▶ [Work instructions]
Print exactly the lines below between the line containing "- 蔵出し品 古唐津 江戸期 絵唐津 筒形向付 5客 A652" and the line containing "天界橋,橫跨放生池的石橋,曾", counting both of those lines. Leave pictures out.

▶ [Exercise data]
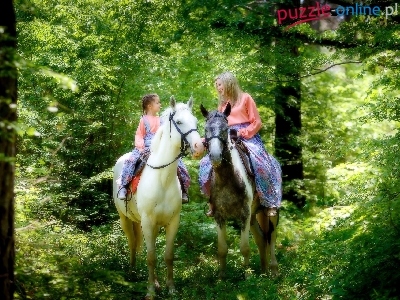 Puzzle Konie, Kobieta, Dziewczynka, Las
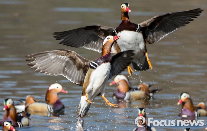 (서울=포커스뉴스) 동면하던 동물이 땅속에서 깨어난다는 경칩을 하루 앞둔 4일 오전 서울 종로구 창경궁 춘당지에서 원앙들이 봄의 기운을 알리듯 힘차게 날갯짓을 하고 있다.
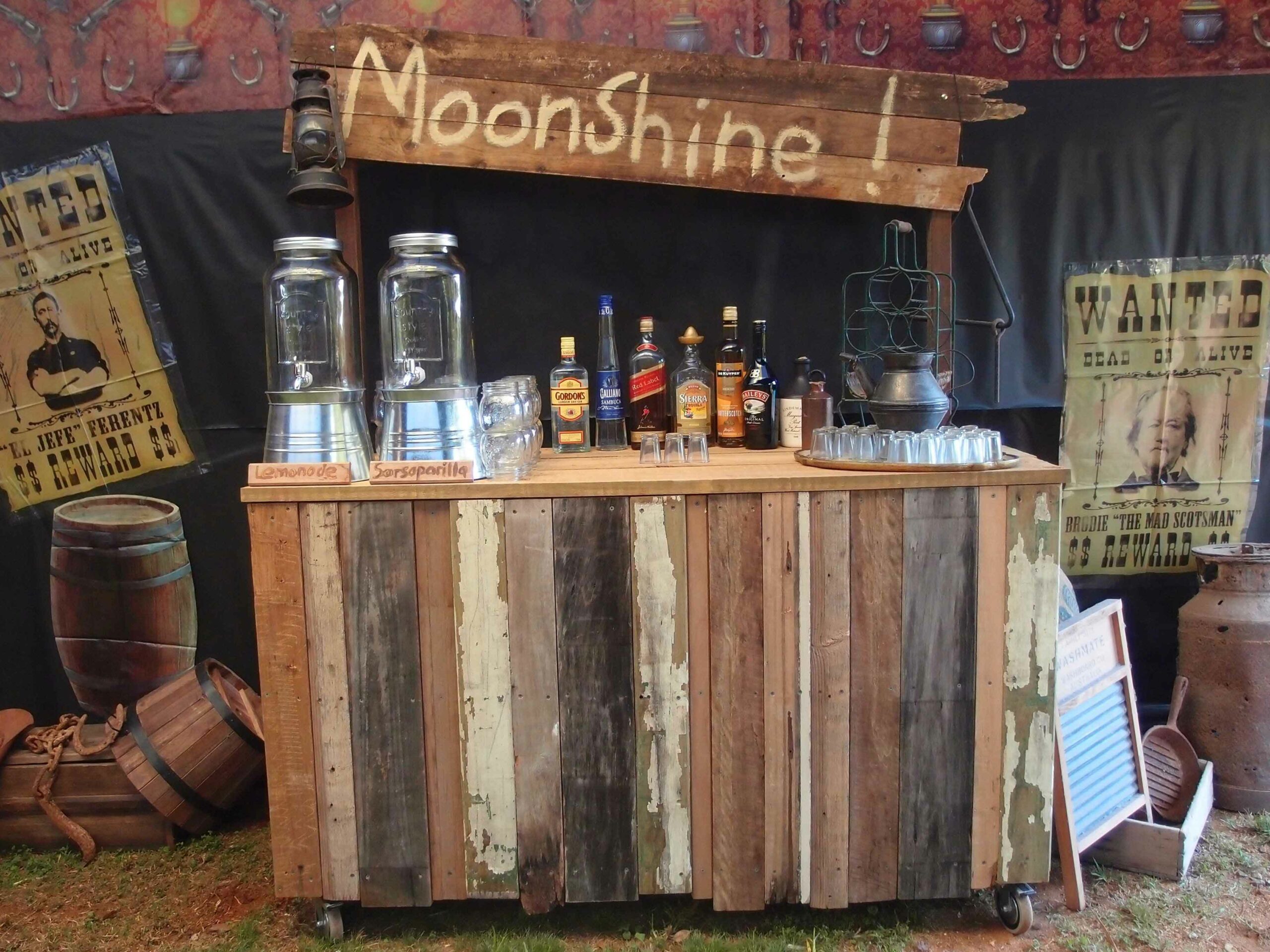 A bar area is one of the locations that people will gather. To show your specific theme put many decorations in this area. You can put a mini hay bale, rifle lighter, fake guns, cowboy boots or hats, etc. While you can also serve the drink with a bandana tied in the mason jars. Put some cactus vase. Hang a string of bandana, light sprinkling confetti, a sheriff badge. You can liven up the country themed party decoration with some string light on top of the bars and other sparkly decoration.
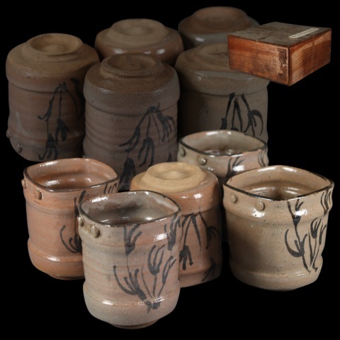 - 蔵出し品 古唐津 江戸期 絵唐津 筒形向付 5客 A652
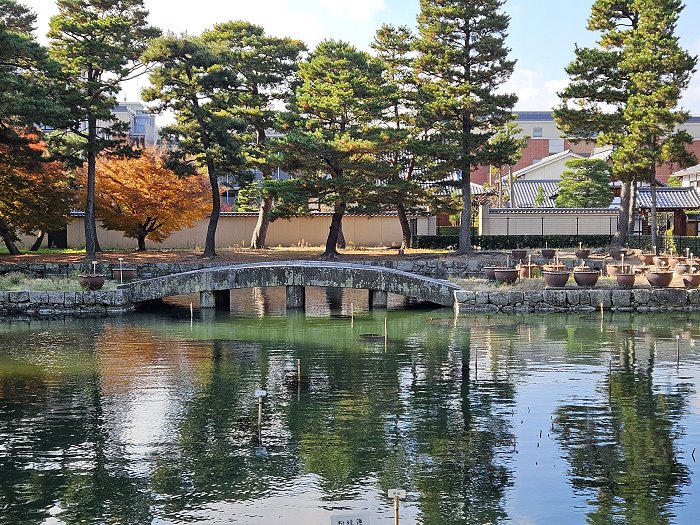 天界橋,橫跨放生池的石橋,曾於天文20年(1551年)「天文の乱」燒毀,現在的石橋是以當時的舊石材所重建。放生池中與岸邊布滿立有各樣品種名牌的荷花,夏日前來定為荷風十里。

* * *

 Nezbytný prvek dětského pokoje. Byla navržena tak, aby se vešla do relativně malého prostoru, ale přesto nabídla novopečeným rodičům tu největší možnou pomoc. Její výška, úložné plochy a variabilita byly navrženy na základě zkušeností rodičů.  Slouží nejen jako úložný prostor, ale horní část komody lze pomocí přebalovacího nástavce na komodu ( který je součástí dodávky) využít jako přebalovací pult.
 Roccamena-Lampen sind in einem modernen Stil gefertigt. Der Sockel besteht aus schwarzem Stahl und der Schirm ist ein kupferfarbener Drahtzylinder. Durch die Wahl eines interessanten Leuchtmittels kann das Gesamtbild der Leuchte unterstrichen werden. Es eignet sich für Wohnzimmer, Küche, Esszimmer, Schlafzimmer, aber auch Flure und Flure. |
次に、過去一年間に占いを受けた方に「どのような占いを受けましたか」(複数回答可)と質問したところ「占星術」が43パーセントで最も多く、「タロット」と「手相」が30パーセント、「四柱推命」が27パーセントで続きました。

...

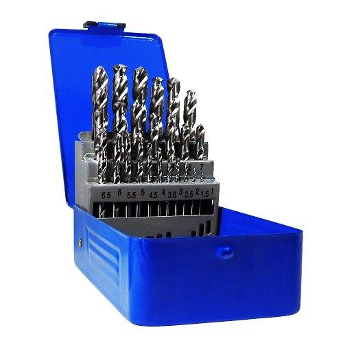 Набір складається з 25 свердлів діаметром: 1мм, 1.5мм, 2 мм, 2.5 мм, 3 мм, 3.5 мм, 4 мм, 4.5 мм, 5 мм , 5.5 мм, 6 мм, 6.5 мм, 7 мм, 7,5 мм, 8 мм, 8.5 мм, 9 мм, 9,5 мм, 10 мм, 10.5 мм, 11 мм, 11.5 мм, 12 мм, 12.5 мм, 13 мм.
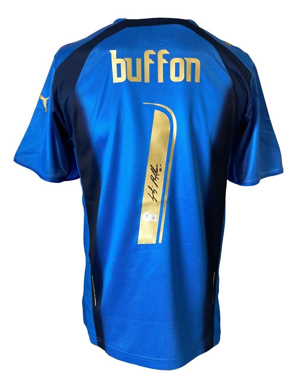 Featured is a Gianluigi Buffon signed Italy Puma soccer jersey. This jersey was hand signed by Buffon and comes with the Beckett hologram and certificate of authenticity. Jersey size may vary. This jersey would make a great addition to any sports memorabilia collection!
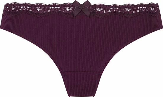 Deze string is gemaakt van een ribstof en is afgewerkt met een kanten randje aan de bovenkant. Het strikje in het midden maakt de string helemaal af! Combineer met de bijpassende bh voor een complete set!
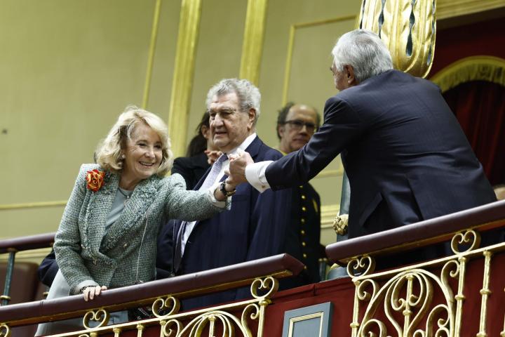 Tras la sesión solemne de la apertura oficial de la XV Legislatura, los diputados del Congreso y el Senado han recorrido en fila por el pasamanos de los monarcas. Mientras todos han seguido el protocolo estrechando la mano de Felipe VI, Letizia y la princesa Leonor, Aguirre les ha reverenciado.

▶ [Answer for this exercise]
 - 蔵出し品 古唐津 江戸期 絵唐津 筒形向付 5客 A652
 天界橋,橫跨放生池的石橋,曾於天文20年(1551年)「天文の乱」燒毀,現在的石橋是以當時的舊石材所重建。放生池中與岸邊布滿立有各樣品種名牌的荷花,夏日前來定為荷風十里。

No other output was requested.